Favorite New Listing for the Period
The first broker I worked for in the 1980s (he’s still around) loved selling Mountain Shadows condos. He called them his “bread and butter” properties of Mammoth. There is a variety of smaller unit floor plans in the project and they are all good and efficient. It has been a popular project for owners looking for affordable value. Over the years it has been a well maintained project and home to many local residents both as owners and renters. Today they typically make very good STR properties. So here is a 1 bedroom + loft / 2 full bath condo that has great solar exposure and easy access and parking near the entrance to the project. The property features an updated kitchen and bar, a pellet burning insert in the fireplace for cost effective heating and no additional fireplace expense to the buyer. Great windows in each room with lots of natural light. Sold unfurnished but absolutely ready to move in to. Check out the video tour.
Listed at $499,000
Other Real Estate News
Airbnb continues to have profound influence on the STR industry as a whole and in Mammoth Lakes. The now publicly held company recently released their 2021 first quarter (Q1) financial report and with it is some fascinating information. And one
AirDNA recently released an “Outlook Report” for the STR industry and it has some great information. The past two years have been a wild ride for the industry but all of the forward booking information from both Airbnb and VRBO helps provide data for an incredible recovery. Here are some of the highlights.
• 2019 was a record year for the STR industry. Then Covid hit. But 2021 will now exceed 2019. In the first quarter (Q1) of 2021 the U.S. bookings hit impressive new levels each month. The demand for nights in April of 2021 exceeded any level of 2019. AirDNA states that the April milestone “marks the end of the recovery and the beginning of the next phase of expansion for the U.S. STR industry.”
• Demand is surging in small-town and destination markets. In April 2021 the demand in rural markets is up 67% from 2019. There was 25% more demand in destination/resort markets including mountain/lake areas from 2019. But AirDNA expects that the demand in 2022 may shift back to urban areas and will return to 2019 levels by 2023.
• While historic trends show units typically become more available with demand, the destination/resort market recently bucked this trend. Availability actually declined as many owners preferred to use their properties themselves.

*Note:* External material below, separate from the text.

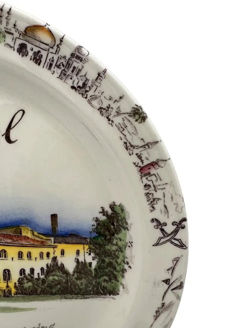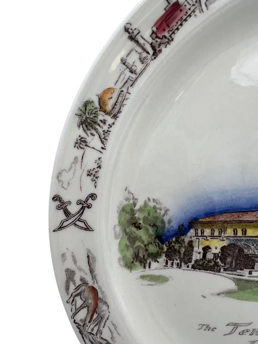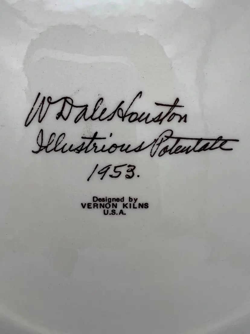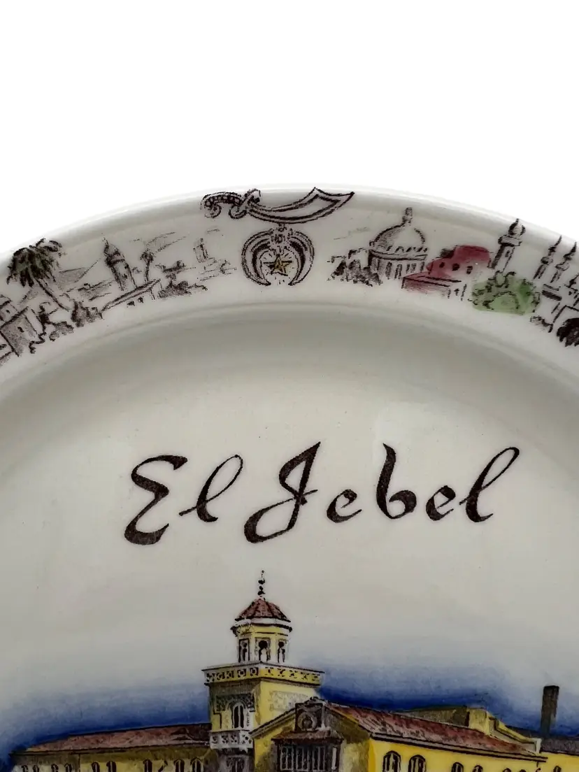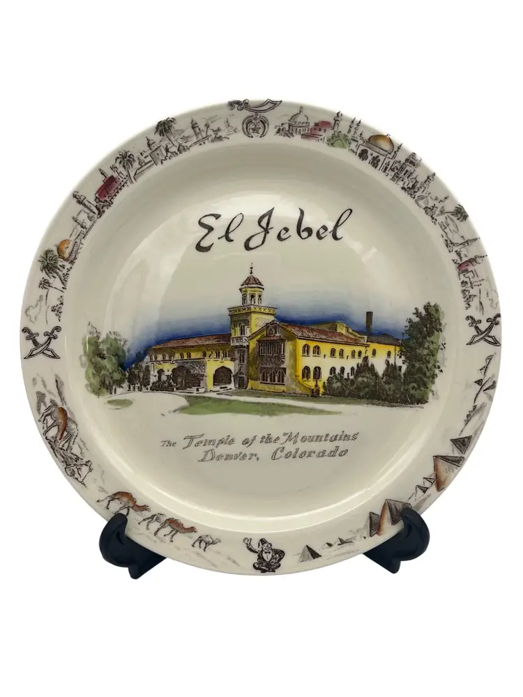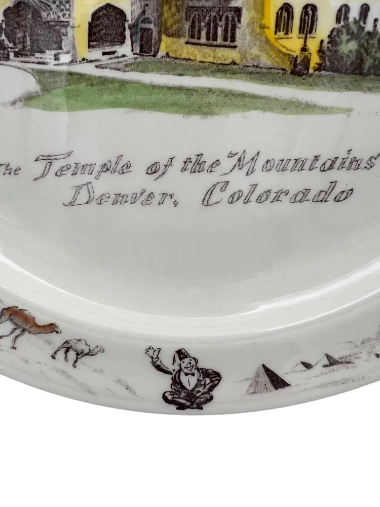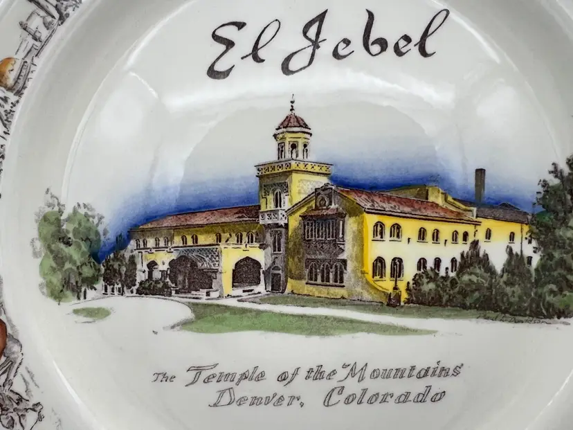 A vintage Vernon Kilns commemorative plate (~10.5″ diameter) honoring the El Jebel Shrine Temple (“Mosque of El Jebel”) in Denver, Colorado. Decorated with a multicolor design, it celebrates the historic Moorish-style Shriners building (built 1907). A fine piece for Shrine collectors, Masonic collectible enthusiasts, or Denver history buffs.

• In the past year, 24% of Airbnb bookings were longer term stays (more than 28 days). This was up from 14% in 2019. This was driven by the remote work opportunity (“digital nomads”). While the remote work opportunity may dissipate for many, AirDNA expect this lifestyle and longer term stay trend to continue.
• In the past year there was a clear trend in the destination markets for larger homes (boy, have we seen this in Mammoth!). This trend helped grow the average daily rate (ADR) for rentals across the industry. A shift back to urban (and smaller) rentals may decrease the ADR in the future. But total revenues are expected to increase by 42% in the next four years.
• Even though Airbnb and VRBO have added close to 52,000 new units to their platforms, the demand is exceeding the supply. Rentals in the summer of 2021 will be in short supply. Demand in mountain destination resorts is up 44% from 2019.
• A “new normal” of travel has been established. The STR industry has actually benefited from the pandemic –– consumer trust and sentiment has strengthened. The STR industry will continue to professionalize and expand its share of the total lodging spend. Airbnb and VRBO’s competition in the STR industry should intensify.
Thanks for reading! Please stay healthy.
** Closed sale data is compiled from in-house files and public records.